INVESTIGATING SHALLOW FAULTING IN THE AMARGOSA DESERT (NYE COUNTY, NEVADA) USING SH-WAVE REFLECTION PROFILES

Fault patterns have previously been suspected to govern the discharge of ground waters in the Amargosa Desert in southwestern Nevada. For example, alignments of springs have been interpreted previously as indicating the influence of a buried fault trending parallel or sub-parallel to mountain range fronts. Having developed in an extensional tectonic regime, such faults would be assumed to have experienced normal displacement and to offset shallow sedimentary strata.

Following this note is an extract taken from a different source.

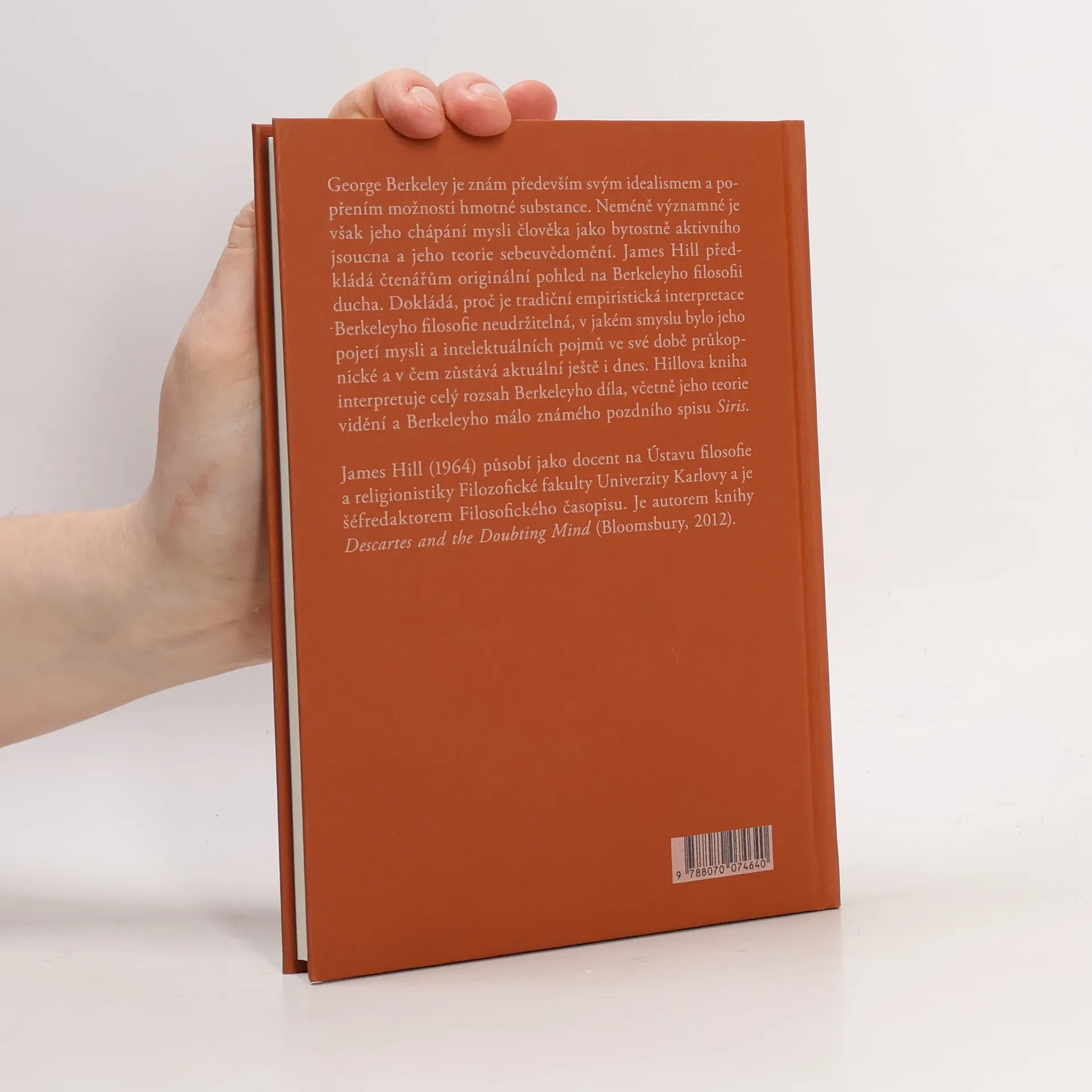 George Berkeley je znám především svým idealismem a popřením možnosti hmotné substance. Neméně významné je však jeho chápání mysli člověka jako bytostně aktivního jsoucna a jeho teorie sebeuvědomění. James Hill předkládá čtenářům originální pohled na Berkeleyho filosofii ducha. Dokládá, proč je tradiční empiristická interpretace Berkeleyho filosofie neudržitelná, v jakém smyslu bylo jeho pojetí mysli a intelektuálních pojmů ve své době průkopnické a v čem zůstává aktuální ještě i dnes. Hillova kniha interpretuje celý rozsah Berkeleyho díla, včetně jeho teorie vidění a Berkeleyho málo známého pozdního spisu Siris.

In order to test such a hypothesis, we conducted horizontally polarized shear-wave (SH) seismic reflection profiles across one of the major faults mapped in the area, the Gravity Fault, where it intersects a road near the northern margin of the Ash Meadows National Wildlife Refuge. The SH-wave profiles were conducted using a 12-channel “land-streamer” array of horizontal geophones with two phones combined for each channel so as to cancel compressional wave energy. The advantage of this technique is that it is easy to cover a significant area with a small field crew, is non-invasive, and provides results that are independent of the water table or any other fluid or gas effects. Our results thus provide a framework for interpreting shallow structural anomalies associated with geologically recent faulting. Three separate profiles were acquired over a three-day period. Two of the profiles crossed two separate strands of the Gravity Fault as previously mapped by the U. S. Geological Survey. These profiles also crossed linear geomorphic anomalies mapped independently. A third profile was surveyed where no fault had been previously mapped, as a “control” experiment. The Gravity Fault appears to correlate with subtle structural and/or stratigraphic changes where the traces of the previously interpreted fault strands are projected downward through the seismic profile. The “control” profile shows little or no evidence for fault displacements or other structural anomalies. Our findings indicate the ability of the SH-wave seismic reflection method to detect subtle shallow structural anomalies related to geologically recent faulting. The Gravity Fault offsets and disrupts shallow geological strata and thus may be expected to influence shallow discharge of springs. Partial support for this project was provided by Nye County, Nevada.